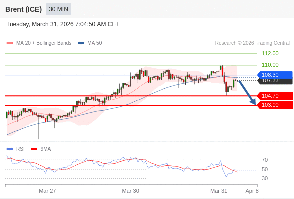 交易策略: 在 108.30 之下,看跌,目标价位为 104.70 ,然后为 103.00 。
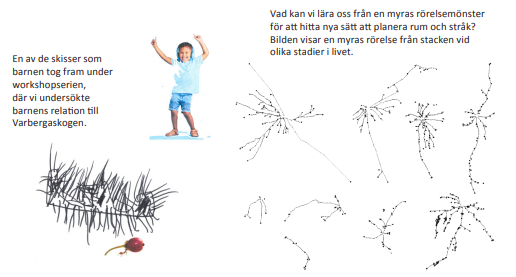 Process: ÖrebroBostäder önskade att en strategi för skyltars utformning skulle tas fram genom en medskapande process. Utmaningen har varit att anpassa strategin efter den mångfald av målgrupper som besöker Varbergaskogen. I tillägg var ambitionen att skyltningen skulle väcka nyfikenhet och bidra till att stärka platsens identitet. I projektet hade vi workshoppar med barn från den lokala skolan, och under en av dessa utforskade vi hur barnen uppfattade sin miljö genom att de fick föreställa sig att de var myror. För att bredda perspektivet på vad rörelse är och kan vara fick barnen fundera på hur de skulle röra sig genom området om de var en myra. Med hjälp av material som de hittade på plats, rep och varandra tolkade de, och lekte sig fram till, hur en myra lever och beter sig. Utifrån sina egna förmågor, fantasier och relationer till skogen formade de nya rumsligheter. Vi kunde observera vad barnen fastnade för och hur de valde att röra sig i området när de inte behövde följa de givna vägar som de är vana vid. Genom att använda och prata om det sinnliga runt omkring sig började de ta in de små detaljerna som småkryp, ett barr eller ett löv. Genom att leka sig in i en myras perspektiv tog de sig an miljön på ett helt nytt sätt och gav på så vis oss nycklar till att utveckla alternativa affordances – sådana som vuxenvärlden helt enkelt inte lägger märke till eller har glömt bort.
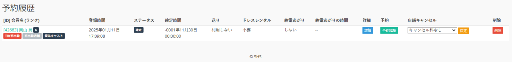 ※原則として、確定済み会員がキャンセルとなる場合、店舗都合キャンセルとして扱い、キャンセル料が発生します。
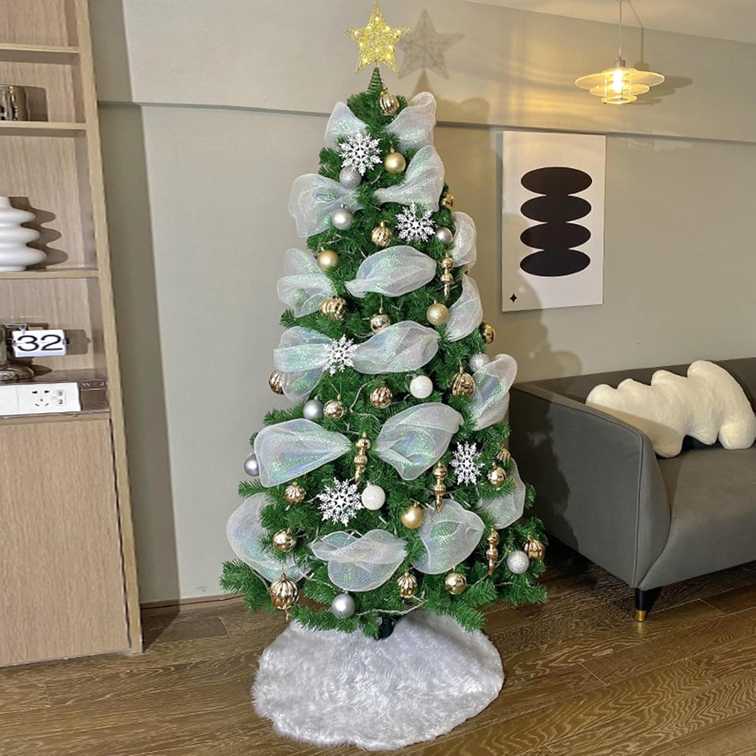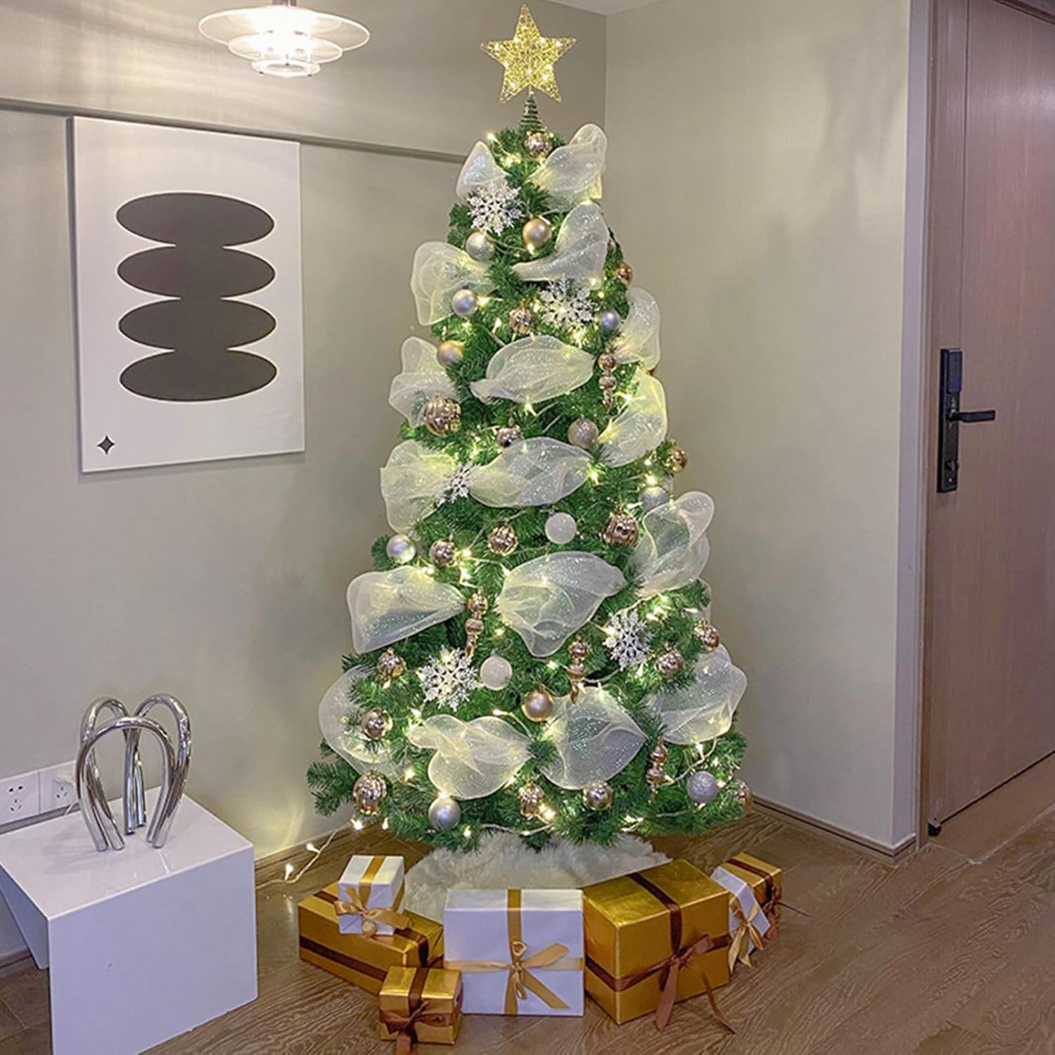 Occasioni adatte: questo nastro in rete di poliestere non è adatto solo per decorazioni natalizie e per la casa, ma anche per molte occasioni importanti, come matrimoni, cerimonie di laurea e così via, creando eleganza e per queste occasioni da usare o conservare: il rotolo di nastri glitterati è pieghevole e flessibile, e puoi usare le forbici per tagliarlo facilmente nella lunghezza o nella forma desiderata Ampie applicazioni: è possibile utilizzare il nastro decorativo in rete per decorare alberi di Natale, ghirlande o mazzi di fiori, per rendere più bello Riceverai 1 rotolo di nastro natalizio a rete larga, che può essere applicato per decorare il tuo albero di Natale o altri oggetti; il nastro largo in rete di Natale è abbondante per soddisfare le tue varie esigenze decorative Pratico questo nastro metallico in rete di poliestere è che può mantenere la lucentezza del nastro, non sbiadisce o si rompe facilmente, pratico e da usare, fornendo un uso a lungo termine
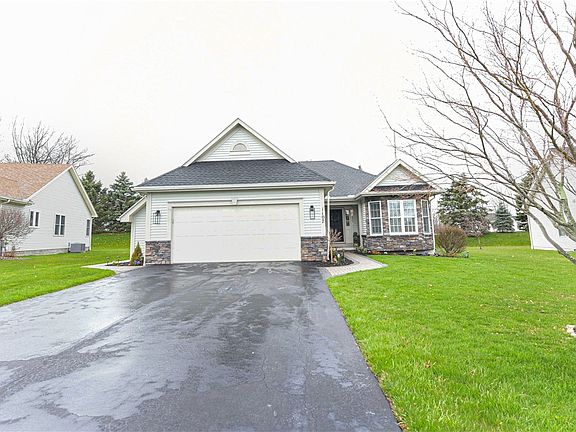 This Exquisite ranch home offers comfortable and convenient living in the heart of a vibrant 55+ community. This inviting home offers the perfect blend of modern amenities and cozy living, ideal for those seeking an active and engaging lifestyle. As you step inside, you'll be greeted by a spacious and inviting living area, perfect for relaxing or entertaining guests. The open floor plan seamlessly flows into the well-appointed kitchen, complete with granite countertops, ample cabinet space, and modern appliances, making meal preparation a breeze. The home boasts two generously sized bedrooms and two full baths, providing plenty of space for both homeowners and guests. Outside, you'll find a private deck (installed '23), perfect for enjoying your morning coffee or hosting summer barbecues with friends. Updates include a tear off roof in '17, sump pump in '22, furnace & humidifier '21, Central Air '17, Stone front & walkway '21. Minutes from Webster Village, shopping and the expressway. Showings begin Wednesday, All offers are due Tuesday, April 9th at 10am. Please note limited showing times Wed, Thrs & Fri 4pm-7pm; Sat. & Sun 9am to 7pm. Monday 4/8 showings 4pm to 7pm.
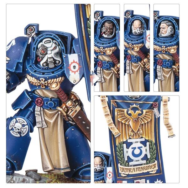 The Ancient in Terminator Armour has four heads to choose from, two different right arms, and his banner has a choice of two toppers.
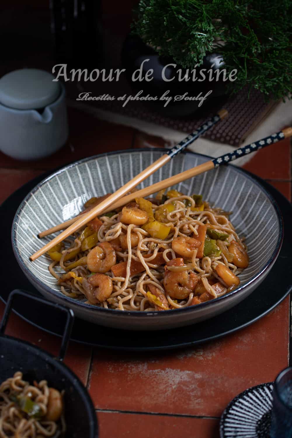 La cuisine asiatique doit absolument être au menu avec mes enfants. Cette fois propose un Konjac aux crevettes et légumes.
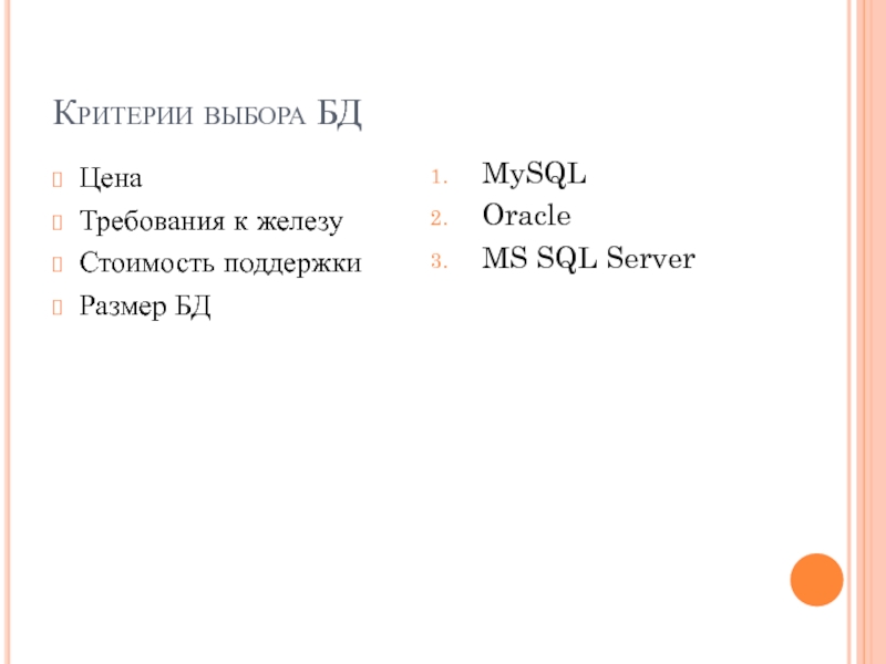 Критерии выбора БДЦенаТребования к железуСтоимость поддержкиРазмер БДMySQLOracleMS SQL Server

════════

### PROBLEM REQUIREMENTS
Output the entries above verbatim. Omit the images.

### ANSWER SPACE
 交易策略: 在 108.30 之下,看跌,目标价位为 104.70 ,然后为 103.00 。
 Process: ÖrebroBostäder önskade att en strategi för skyltars utformning skulle tas fram genom en medskapande process. Utmaningen har varit att anpassa strategin efter den mångfald av målgrupper som besöker Varbergaskogen. I tillägg var ambitionen att skyltningen skulle väcka nyfikenhet och bidra till att stärka platsens identitet. I projektet hade vi workshoppar med barn från den lokala skolan, och under en av dessa utforskade vi hur barnen uppfattade sin miljö genom att de fick föreställa sig att de var myror. För att bredda perspektivet på vad rörelse är och kan vara fick barnen fundera på hur de skulle röra sig genom området om de var en myra. Med hjälp av material som de hittade på plats, rep och varandra tolkade de, och lekte sig fram till, hur en myra lever och beter sig. Utifrån sina egna förmågor, fantasier och relationer till skogen formade de nya rumsligheter. Vi kunde observera vad barnen fastnade för och hur de valde att röra sig i området när de inte behövde följa de givna vägar som de är vana vid. Genom att använda och prata om det sinnliga runt omkring sig började de ta in de små detaljerna som småkryp, ett barr eller ett löv. Genom att leka sig in i en myras perspektiv tog de sig an miljön på ett helt nytt sätt och gav på så vis oss nycklar till att utveckla alternativa affordances – sådana som vuxenvärlden helt enkelt inte lägger märke till eller har glömt bort.
 ※原則として、確定済み会員がキャンセルとなる場合、店舗都合キャンセルとして扱い、キャンセル料が発生します。
 Occasioni adatte: questo nastro in rete di poliestere non è adatto solo per decorazioni natalizie e per la casa, ma anche per molte occasioni importanti, come matrimoni, cerimonie di laurea e così via, creando eleganza e per queste occasioni da usare o conservare: il rotolo di nastri glitterati è pieghevole e flessibile, e puoi usare le forbici per tagliarlo facilmente nella lunghezza o nella forma desiderata Ampie applicazioni: è possibile utilizzare il nastro decorativo in rete per decorare alberi di Natale, ghirlande o mazzi di fiori, per rendere più bello Riceverai 1 rotolo di nastro natalizio a rete larga, che può essere applicato per decorare il tuo albero di Natale o altri oggetti; il nastro largo in rete di Natale è abbondante per soddisfare le tue varie esigenze decorative Pratico questo nastro metallico in rete di poliestere è che può mantenere la lucentezza del nastro, non sbiadisce o si rompe facilmente, pratico e da usare, fornendo un uso a lungo termine
 This Exquisite ranch home offers comfortable and convenient living in the heart of a vibrant 55+ community. This inviting home offers the perfect blend of modern amenities and cozy living, ideal for those seeking an active and engaging lifestyle. As you step inside, you'll be greeted by a spacious and inviting living area, perfect for relaxing or entertaining guests. The open floor plan seamlessly flows into the well-appointed kitchen, complete with granite countertops, ample cabinet space, and modern appliances, making meal preparation a breeze. The home boasts two generously sized bedrooms and two full baths, providing plenty of space for both homeowners and guests. Outside, you'll find a private deck (installed '23), perfect for enjoying your morning coffee or hosting summer barbecues with friends. Updates include a tear off roof in '17, sump pump in '22, furnace & humidifier '21, Central Air '17, Stone front & walkway '21. Minutes from Webster Village, shopping and the expressway. Showings begin Wednesday, All offers are due Tuesday, April 9th at 10am. Please note limited showing times Wed, Thrs & Fri 4pm-7pm; Sat. & Sun 9am to 7pm. Monday 4/8 showings 4pm to 7pm.
 The Ancient in Terminator Armour has four heads to choose from, two different right arms, and his banner has a choice of two toppers.
 La cuisine asiatique doit absolument être au menu avec mes enfants. Cette fois propose un Konjac aux crevettes et légumes.
 Критерии выбора БДЦенаТребования к железуСтоимость поддержкиРазмер БДMySQLOracleMS SQL Server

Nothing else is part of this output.